We quickly learn in “Herblock: The Black & the White” that the legendary political cartoonist of The Washington Post never married, never learned to drive a car and generally ate both lunch and dinner in the Post’s cafeteria. It doesn’t sound like much of a life, except that for something like 50 years, this mild-mannered man was the most revered and powerful editorial cartoonist in the nation (his only real competition was the Los Angeles Times’ Paul Conrad, who, like Herbert Block — to call him by his rightful name — also won three Pulitzer Prizes in roughly the same time span).

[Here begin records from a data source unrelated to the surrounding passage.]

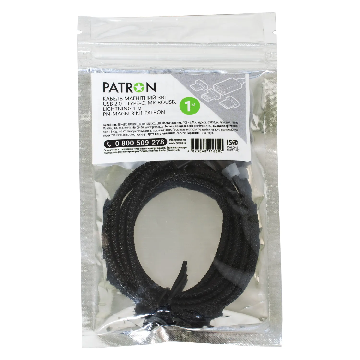 - Кабель магнитный 3 в 1 USB 2.0 - Type-C, Micro USB, Lightning 1 м Patron (PN-MAGN-3IN1)
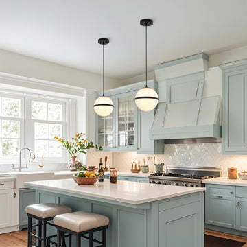 Modern design meets vintage style in this glass globe pendant light. The two-tone design features metal fittings and a frosted globe shade for an uncluttered, minimalist look. LED bulbs provide bright lighting for the kitchen island, dining table or office.
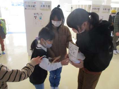 朝、児童ギャラリーに立ったり、各教室を回ったりして、書き損じハガキ等の回収を呼びかけています。
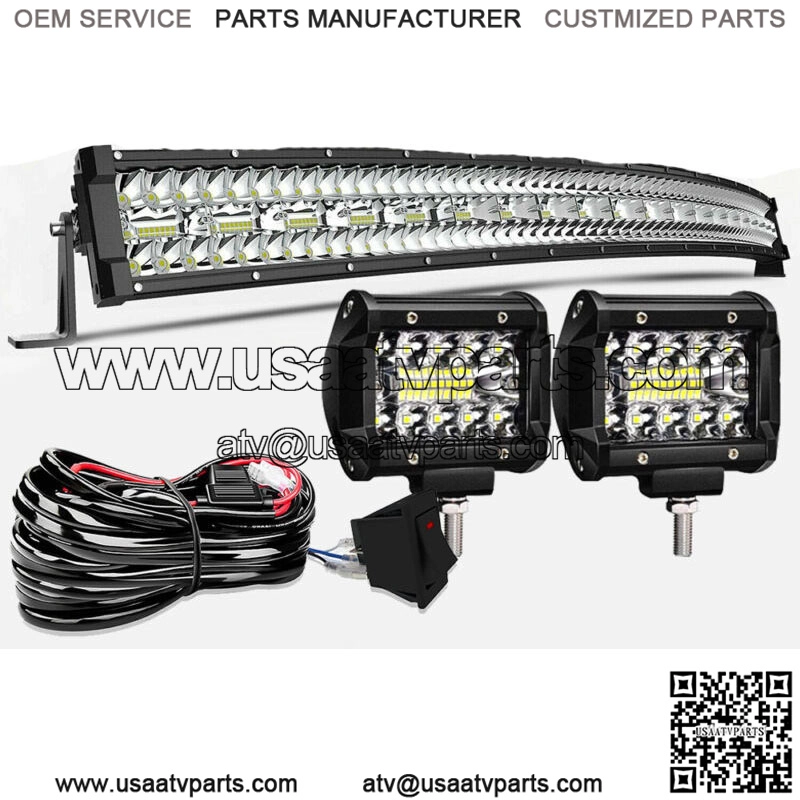 For Kawasaki Teryx 800 750 Mule 610 4010 Roof 50″ LED Curved Light Bar+ 4″ Pods (For: More than one vehicle)
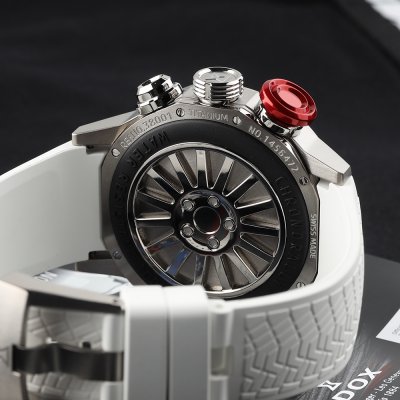 Este relógio Edox tem uma caixa de Titânio com um diâmetro de 48 mm e está equipado com uma bracelete de borracha. A caixa possui um movimento Ronda e o relógio tem um vidro Safira.
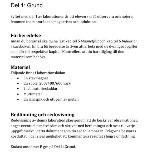 - 2a) Varför innebär ett högre varvtal mer ström i spolen och att ett starkare magnetfält bildas?
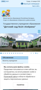 | AI-анализ | The website "Детский сад №14 г.Кобрина" (Children's School No.14 in Cobrin) provides information about the educational institution, its management, and various services. The title and description in Russian suggest it's a kindergarten. Keywords indicate it's a government educational institution in Cobrin, Belarus. The website uses cookies and has a Russian and Belarusian language interface. The top words suggest there's information about the educational process, additional services like a library, and administrative procedures. The website includes a contact section and an electronic form for inquiries. The footer mentions safety, cybersecurity, and various programs for children. The domain is ds14.kobrin.edu.by. |

I’m inclined to cut Michael Stevens, the director of this documentary, some slack for the problematic aspects of his film, which we’ll get to in a minute. That’s because Herblock was one of the heroes of my youth. He was not the only opponent of Joe McCarthy (as the film somewhat implies), but he was possibly the bravest of them, needling, needling, needling this wretched man, when many simply chose to remain silent. He was an old-fashioned liberal out of Chicago, not so much an ideologue as a guy with an acute sense of fair play, which McCarthy offended with virtually every breath he drew. His style was a true extension of the man, clear and brisk, not a lot of hard-breathing in it. Couldn’t afford it, in that for decades he was obliged to furnish five cartoons a week to the Post, which gave his work a pleasing, tossed-off quality. We had the sense that good instinct was always harnessed to a sure, quick hand, applied to all the blowhards in the District of Columbia, of whom there is never a short supply. Withal, this documentary shows him to have been a modest and rather cheerful man, who every afternoon stalked the city room with a few sketched-out ideas, seeking opinions about what worked best from the other inky wretches toiling there.

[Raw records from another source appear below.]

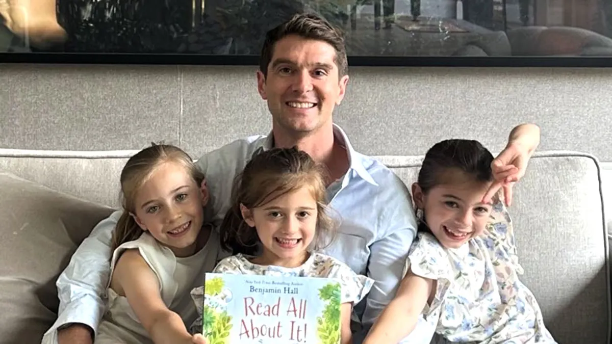 Il corrispondente senior di Fox Information Benjamin Corridor con tre delle sue figlie con in mano il suo nuovo libro per bambini, “Leggi tutto!” (Per gentile concessione dell’autore)
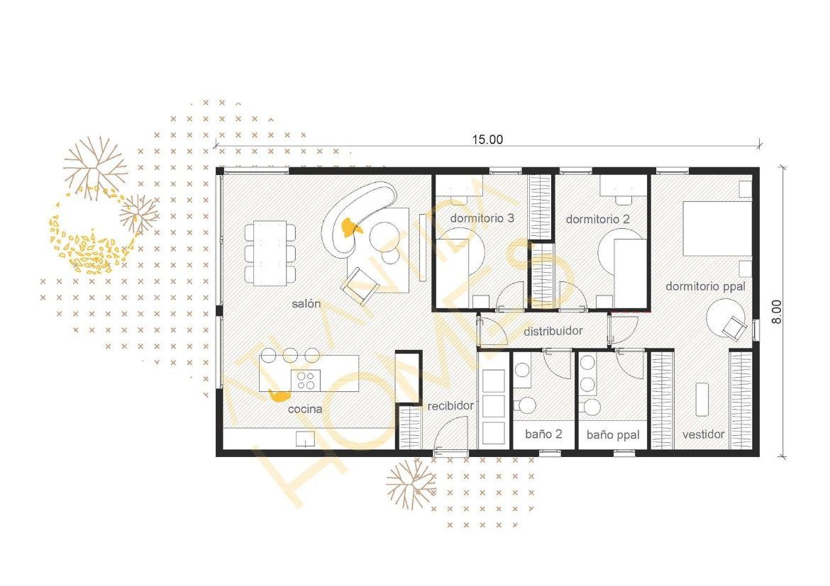 La casa TERRA está diseñada para aprovechar al máximo cada espacio, ofreciendo la comodidad y funcionalidad de vivir en una sola planta.
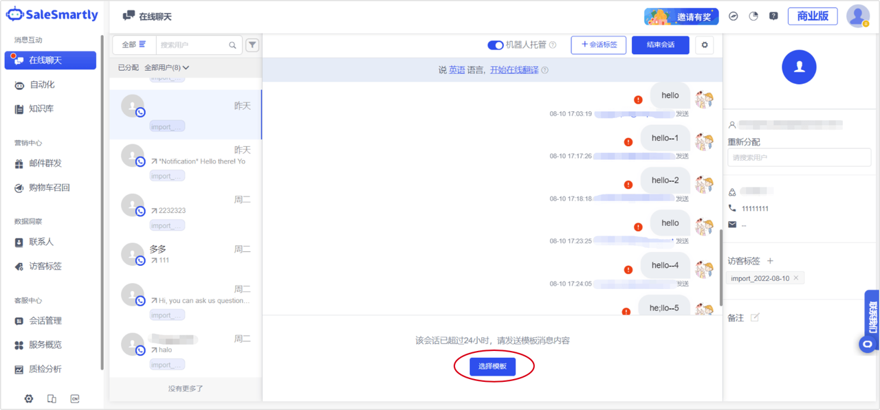 In Online Chat, for WhatApp channel conversations, if the conversation time exceeds 24 hours, you can now use templates to send messages. Templates need to be applied for from the Twilio backend, the process is simple, and approval is generally completed within 24 hours.
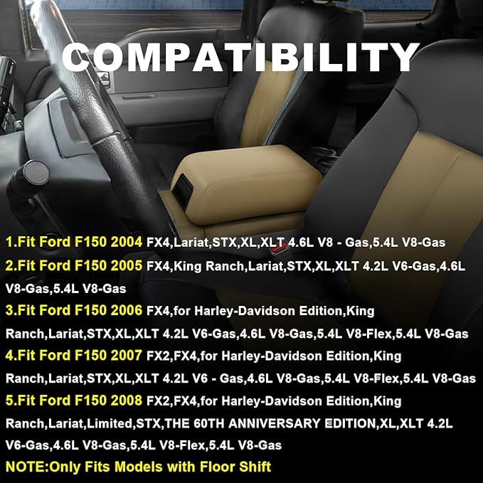 - COMPATIBILITY - Compatible with 2004-2008 Ford F150(Designed For Models With Floor Shifter & "Pebble" (Dark Tan / Beige) Interiors)

He seems to have had a quiet confidence, not particularly eager to force his favorites on those he consulted, apparently hiding his hand about the ideas he favored. He was, dammit, a very likable guy. Which, curiously, presents some problems for director Stevens. He has recruited to his film what seems to be every important political pontificator of Herblock’s era and with just one mild exception, they have nothing but good to say about him. Less would perhaps have been more in this realm. I hate to say it, but I’d like to have seen a few right-wing crazies attempt to puncture the man’s saintliness — not that I think they would have succeeded in any significant way.

Stevens is, however, working under quite a large handicap. Herbert Block died more than a dozen years ago, leaving behind very little significant footage. An actor impersonates him in much of the film — very successfully it seems to me. You could not have made this documentary without that subterfuge, and we are given to understand that virtually everything he says in the film is drawn directly from his own writings, all of which seem to me invaluable and as apt as they were so many decades ago.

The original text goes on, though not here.